**RECORD EXTRACTS:**
***

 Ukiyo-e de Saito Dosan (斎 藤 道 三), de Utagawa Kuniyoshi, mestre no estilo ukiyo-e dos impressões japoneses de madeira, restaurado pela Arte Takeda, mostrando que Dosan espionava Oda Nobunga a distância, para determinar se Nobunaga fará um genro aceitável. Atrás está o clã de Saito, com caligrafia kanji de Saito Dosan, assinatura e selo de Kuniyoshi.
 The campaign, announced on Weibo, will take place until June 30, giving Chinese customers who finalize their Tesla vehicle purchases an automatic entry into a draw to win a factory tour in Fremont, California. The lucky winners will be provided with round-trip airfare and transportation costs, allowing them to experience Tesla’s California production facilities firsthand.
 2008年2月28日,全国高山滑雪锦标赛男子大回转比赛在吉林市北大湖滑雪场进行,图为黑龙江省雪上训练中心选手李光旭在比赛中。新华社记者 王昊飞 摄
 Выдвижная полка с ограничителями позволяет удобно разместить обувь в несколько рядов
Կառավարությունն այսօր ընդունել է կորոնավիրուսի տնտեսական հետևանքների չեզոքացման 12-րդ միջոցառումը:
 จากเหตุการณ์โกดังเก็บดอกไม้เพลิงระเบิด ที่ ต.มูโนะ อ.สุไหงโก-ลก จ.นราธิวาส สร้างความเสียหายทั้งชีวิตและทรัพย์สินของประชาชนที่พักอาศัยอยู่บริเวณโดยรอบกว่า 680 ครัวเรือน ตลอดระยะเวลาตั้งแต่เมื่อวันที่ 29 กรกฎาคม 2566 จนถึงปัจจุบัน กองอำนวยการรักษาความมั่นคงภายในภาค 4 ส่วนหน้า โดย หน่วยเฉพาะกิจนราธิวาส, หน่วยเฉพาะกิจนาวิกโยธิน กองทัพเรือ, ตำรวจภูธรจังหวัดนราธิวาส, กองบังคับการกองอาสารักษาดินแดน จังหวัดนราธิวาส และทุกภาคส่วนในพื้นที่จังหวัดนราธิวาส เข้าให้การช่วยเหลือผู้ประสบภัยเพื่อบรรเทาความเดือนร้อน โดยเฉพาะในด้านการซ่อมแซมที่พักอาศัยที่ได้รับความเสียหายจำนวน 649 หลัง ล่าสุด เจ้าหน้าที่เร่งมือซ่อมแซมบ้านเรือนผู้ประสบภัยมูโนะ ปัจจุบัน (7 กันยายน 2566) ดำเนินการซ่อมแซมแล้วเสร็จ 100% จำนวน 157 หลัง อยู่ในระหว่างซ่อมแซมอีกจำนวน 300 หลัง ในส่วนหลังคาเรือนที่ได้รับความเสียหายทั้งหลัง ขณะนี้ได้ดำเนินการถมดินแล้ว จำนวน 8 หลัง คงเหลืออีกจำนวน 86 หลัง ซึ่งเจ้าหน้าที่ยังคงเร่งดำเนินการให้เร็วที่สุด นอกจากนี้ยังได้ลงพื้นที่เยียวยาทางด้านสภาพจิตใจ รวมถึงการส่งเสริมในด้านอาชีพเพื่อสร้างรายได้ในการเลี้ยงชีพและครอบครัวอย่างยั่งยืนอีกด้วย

***

Each record above must be output without any alteration.

 Ukiyo-e de Saito Dosan (斎 藤 道 三), de Utagawa Kuniyoshi, mestre no estilo ukiyo-e dos impressões japoneses de madeira, restaurado pela Arte Takeda, mostrando que Dosan espionava Oda Nobunga a distância, para determinar se Nobunaga fará um genro aceitável. Atrás está o clã de Saito, com caligrafia kanji de Saito Dosan, assinatura e selo de Kuniyoshi.
 The campaign, announced on Weibo, will take place until June 30, giving Chinese customers who finalize their Tesla vehicle purchases an automatic entry into a draw to win a factory tour in Fremont, California. The lucky winners will be provided with round-trip airfare and transportation costs, allowing them to experience Tesla’s California production facilities firsthand.
 2008年2月28日,全国高山滑雪锦标赛男子大回转比赛在吉林市北大湖滑雪场进行,图为黑龙江省雪上训练中心选手李光旭在比赛中。新华社记者 王昊飞 摄
 Выдвижная полка с ограничителями позволяет удобно разместить обувь в несколько рядов
Կառավարությունն այսօր ընդունել է կորոնավիրուսի տնտեսական հետևանքների չեզոքացման 12-րդ միջոցառումը:
 จากเหตุการณ์โกดังเก็บดอกไม้เพลิงระเบิด ที่ ต.มูโนะ อ.สุไหงโก-ลก จ.นราธิวาส สร้างความเสียหายทั้งชีวิตและทรัพย์สินของประชาชนที่พักอาศัยอยู่บริเวณโดยรอบกว่า 680 ครัวเรือน ตลอดระยะเวลาตั้งแต่เมื่อวันที่ 29 กรกฎาคม 2566 จนถึงปัจจุบัน กองอำนวยการรักษาความมั่นคงภายในภาค 4 ส่วนหน้า โดย หน่วยเฉพาะกิจนราธิวาส, หน่วยเฉพาะกิจนาวิกโยธิน กองทัพเรือ, ตำรวจภูธรจังหวัดนราธิวาส, กองบังคับการกองอาสารักษาดินแดน จังหวัดนราธิวาส และทุกภาคส่วนในพื้นที่จังหวัดนราธิวาส เข้าให้การช่วยเหลือผู้ประสบภัยเพื่อบรรเทาความเดือนร้อน โดยเฉพาะในด้านการซ่อมแซมที่พักอาศัยที่ได้รับความเสียหายจำนวน 649 หลัง ล่าสุด เจ้าหน้าที่เร่งมือซ่อมแซมบ้านเรือนผู้ประสบภัยมูโนะ ปัจจุบัน (7 กันยายน 2566) ดำเนินการซ่อมแซมแล้วเสร็จ 100% จำนวน 157 หลัง อยู่ในระหว่างซ่อมแซมอีกจำนวน 300 หลัง ในส่วนหลังคาเรือนที่ได้รับความเสียหายทั้งหลัง ขณะนี้ได้ดำเนินการถมดินแล้ว จำนวน 8 หลัง คงเหลืออีกจำนวน 86 หลัง ซึ่งเจ้าหน้าที่ยังคงเร่งดำเนินการให้เร็วที่สุด นอกจากนี้ยังได้ลงพื้นที่เยียวยาทางด้านสภาพจิตใจ รวมถึงการส่งเสริมในด้านอาชีพเพื่อสร้างรายได้ในการเลี้ยงชีพและครอบครัวอย่างยั่งยืนอีกด้วย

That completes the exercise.